What you have to do: Would you return the data below exactly as it stands, with every picture left out?

Data segment:
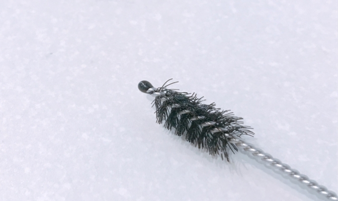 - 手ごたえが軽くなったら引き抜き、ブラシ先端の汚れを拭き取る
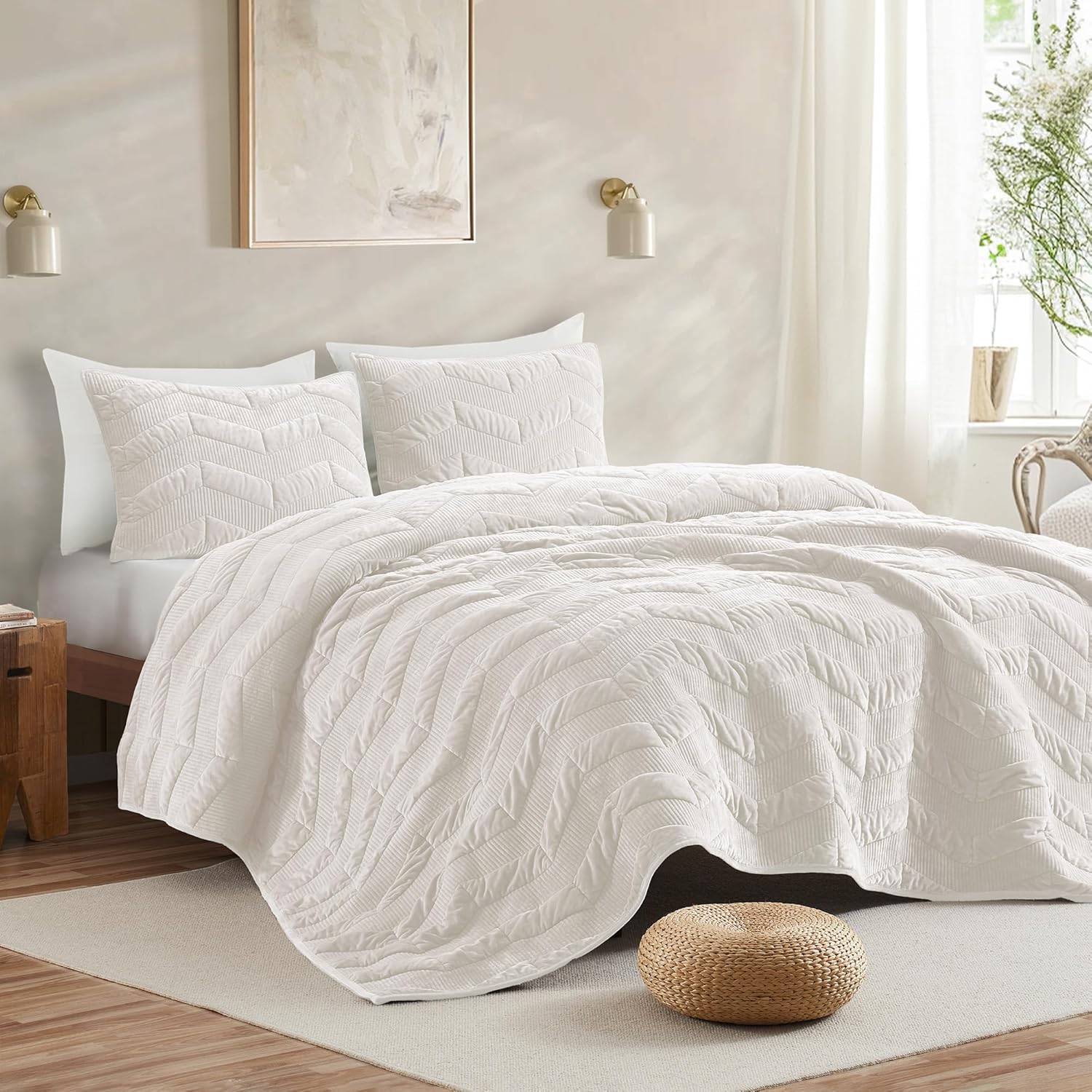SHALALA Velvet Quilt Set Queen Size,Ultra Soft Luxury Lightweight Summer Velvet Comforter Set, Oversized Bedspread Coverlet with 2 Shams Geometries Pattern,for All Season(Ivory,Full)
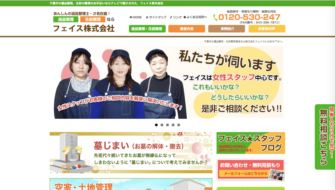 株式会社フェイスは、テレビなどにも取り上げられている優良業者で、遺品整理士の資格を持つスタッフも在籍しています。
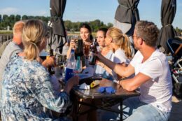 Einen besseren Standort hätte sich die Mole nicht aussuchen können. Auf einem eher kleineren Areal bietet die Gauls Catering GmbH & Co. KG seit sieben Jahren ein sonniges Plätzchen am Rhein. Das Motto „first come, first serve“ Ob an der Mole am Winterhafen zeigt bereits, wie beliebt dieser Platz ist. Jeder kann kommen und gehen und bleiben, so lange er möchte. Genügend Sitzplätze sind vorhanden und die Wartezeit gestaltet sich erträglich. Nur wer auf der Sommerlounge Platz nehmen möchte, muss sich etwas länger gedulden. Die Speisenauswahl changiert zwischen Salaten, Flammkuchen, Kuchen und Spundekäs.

Exercise output:
 - 手ごたえが軽くなったら引き抜き、ブラシ先端の汚れを拭き取る
SHALALA Velvet Quilt Set Queen Size,Ultra Soft Luxury Lightweight Summer Velvet Comforter Set, Oversized Bedspread Coverlet with 2 Shams Geometries Pattern,for All Season(Ivory,Full)
 株式会社フェイスは、テレビなどにも取り上げられている優良業者で、遺品整理士の資格を持つスタッフも在籍しています。
 Einen besseren Standort hätte sich die Mole nicht aussuchen können. Auf einem eher kleineren Areal bietet die Gauls Catering GmbH & Co. KG seit sieben Jahren ein sonniges Plätzchen am Rhein. Das Motto „first come, first serve“ Ob an der Mole am Winterhafen zeigt bereits, wie beliebt dieser Platz ist. Jeder kann kommen und gehen und bleiben, so lange er möchte. Genügend Sitzplätze sind vorhanden und die Wartezeit gestaltet sich erträglich. Nur wer auf der Sommerlounge Platz nehmen möchte, muss sich etwas länger gedulden. Die Speisenauswahl changiert zwischen Salaten, Flammkuchen, Kuchen und Spundekäs.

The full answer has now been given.